Bosnian history from then until the early 14th century was marked by the power struggle between the Šubić and Kotromanić families. This conflict came to an end in 1322, when Stephen II Kotromanić became Ban. By the time of his death in 1353, he was successful in annexing territories to the north and west, as well as Zahumlje and parts of Dalmatia. He was succeeded by his nephew Tvrtko who, following a prolonged struggle with nobility and inter-family strife, gained full control of the country in 1367. Tvrtko I of Bosnia crowned himself on 26 October 1377 as Stephen Tvrtko I the King of Rascia, Bosnia, Dalmatia, Croatia, the Seaside.

Based on archaeological evidence, he was crowned in the in Mile near Visoko in the church which was built in the time of Stephen II Kotromanić's reign, where he was also buried alongside his uncle Stjepan II.[49][50] Following his death in 1391 however, Bosnia fell into a long period of decline. The Ottoman Empire had already started its conquest of Europe and posed a major threat to the Balkans throughout the first half of the 15th century. Finally, after decades of political and social instability, the Kingdom of Bosnia ceased to exist in 1463.

Bulgaria

Following the collapse of Old Great Bulgaria, Asparukh's Bulgars arrived in Scythia Minor in 680 and allied with the local Slavic population to form Bulgaria. The Slavs accepted as their rulers the Bulgar Khans but retained significant autonomy. Both peoples had to protect the country from the Byzantines to the south and the Avar Khanate to the north-west. The Byzantines were aware of this new threat but were completely defeated in the Battle of Ongal and in 681 officially recognized Bulgaria as a sovereign country, known nowadays as the First Bulgarian Empire. By the mid 9th century Bulgaria expanded into much of the Slavic-populated areas of the Balkan peninsula in Thrace, Moesia, Macedonia and Dacia. Khan Omurtag (814-831) made an administrative reform which aimed the centralization of the country and deprived the Slavs of their autonomy. As a result some Slavic tribes to the north-west rebelled but they were quickly subjugated.
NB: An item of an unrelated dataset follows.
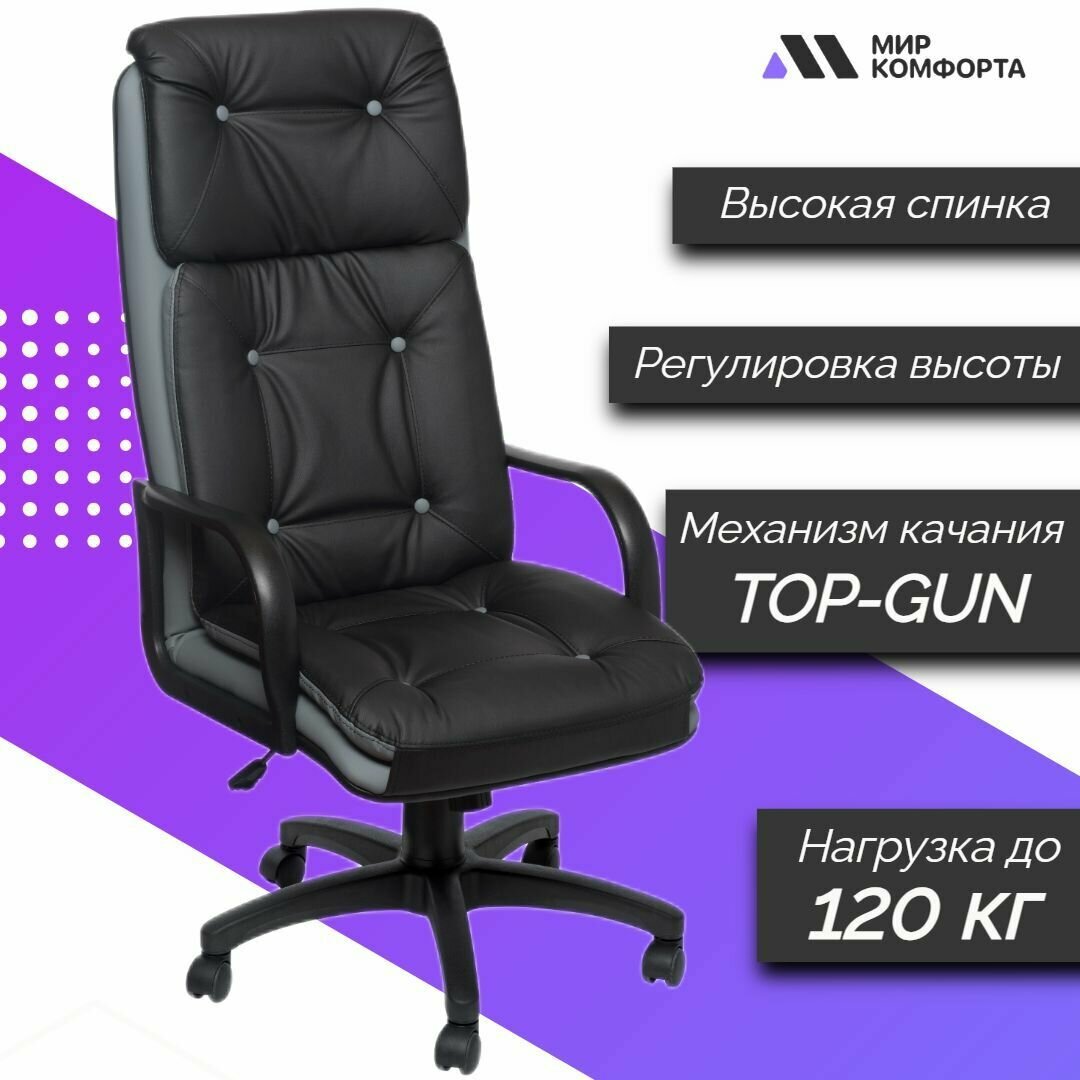 Кресло компьютерное, кресло руководителя, кресло офисное The World of Comfort Надир-1 черный/серый, обивка: искусственная кожа, крестовина пластик

Following the Christianization of Bulgaria and the creation of the Glagolitic and Cyrillic alphabets and the formation of a literary Bulgarian language, the Bulgars and Slavs finally merged into the Bulgarian people. In 927 the Byzantines also had to recognize the Imperial title of the Bulgarian rulers (in Bulgarian цар - Tsar) and the Bulgarian Patriarchate. Bulgaria became the cultural center of the Slavic Orthodox world in the 9th and 10th centuries. Following the destruction of the First Bulgarian Empire by the Byzantine Emperor Basil II in 1018, Bulgaria came under Byzantine rule in 1018. The Second Bulgarian Empire secured its independence from Byzantium in 1185, lasting until 1396 when it was conquered by the Ottomans.

Croatia

In the western Balkans, the tribal configurations of the 7th century eventually formed a basis for early statelets, no doubt influenced by Feudalism from the west. The Slavs in northern Pannonia (north of the Drava) were included in the Balaton Principality, given by the Franks to an exiled Prince from Nitra, whereas those south of the Drava were part of 'Savia', a territory we know little about. The Franks and Bulgars fought for control over it initially, later becoming an area of conflict between Hungary and Croatia. The Croats were Frankish vassals until they successfully rebelled during the 850s, forming the Principality of the Croats in northern Dalmatia.

Serbia

"...Sorabi, quae natio magnam Dalmatiae partem obtinere dicitur..."
transl. "Serbs, who inhabit a large part of Dalmatia"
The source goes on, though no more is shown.